ON TAIBBI’S RANT

 

 

Read a brilliant column by Matt Taibbi of Rolling Stone yesterday in which he savagely attacks the whole election process for the time wasted, the money spent and the unending hype produced. He goes on to advocate that the whole thing be whittled down to six weeks, with almost no money spent and TV exposure being entirely supported by time donations from the networks.

 

In concept, I agree entirely, but how would that actually work for the candidates? It might have worked for Obama, although it would have severely limited his ability to come back from inept TV debates. One bad debate with no time lapse for an apologia would have made it tough sledding for the President, but that’s nothing to the problem that it would have caused Romney. With only six weeks the challenger would have had almost no time, after presenting one platform to his base, to turn it around and present an entirely different one to the general public.  I mean, it takes time to flip-flop. It takes even more time to strategize how to make the twin lies palatable to both sides.

 

Back to Obama’s point of view, it would make it very difficult for his people to figure out which set of lies Romney was going to stay with, that is, which group, base or general public, he was eventually going to betray and to come up with a strategy that exposed the lies and coddled the betrayed group over to the President’s side.

 

Of course, in Romney’s favor, the short time span would greatly favor his twin lie strategy in that it would leave less time for Obama to expose and refute them.

 

Yes, I agree with everything Taibbi said about cutting the process short but it might give a decided advantage to the candidate that lies the most because it would take away time from the other candidate’s platform just to refute those lies.

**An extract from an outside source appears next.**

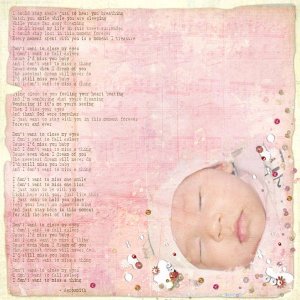 Her skulle man scrappe en sang som man mente gav mening. Jeg har scrappet Aerosmiths “Don’t want to miss a thing”. Jeg har scrappet den før men jeg mener stadig at den på bedst mulige måde beskriver den følelse man har inden i som nybagt mor. Jeg kan stadig blive helt rørstrømsk når jeg hører den.

We know all politicians twist the truth but do we really want a blatant liar to be in the White House for four years.

 

What the Republicans fail to see, is that there is a difference between twisting the truth or making an election promise that one cannot fulfill and actually lying about facts in evidence and irrefutable numbers. Saying that you will create jobs and not being able to do it, is not a lie. It is a failure, for whatever reason, to accomplish a task. We all face that sometime in our lifetime. Saying that you will tax the rich, when you have no intention of doing that is a lie.

 

For those who do not understand semantics, that is the difference between a lie and a broken promise. It comes down to whether you want to be led by a man that you know you can’t trust, a man who has repeatedly lied to you, or by a man who has thus far not succeeded in an important task but is willing to keep trying. I’m glad you made the right decision. I really think it bodes well for the country and maybe with Obama back for another four years we can tackle some of the real problems that face us as a country. Changing the electoral process, in many different ways is certainly one of them.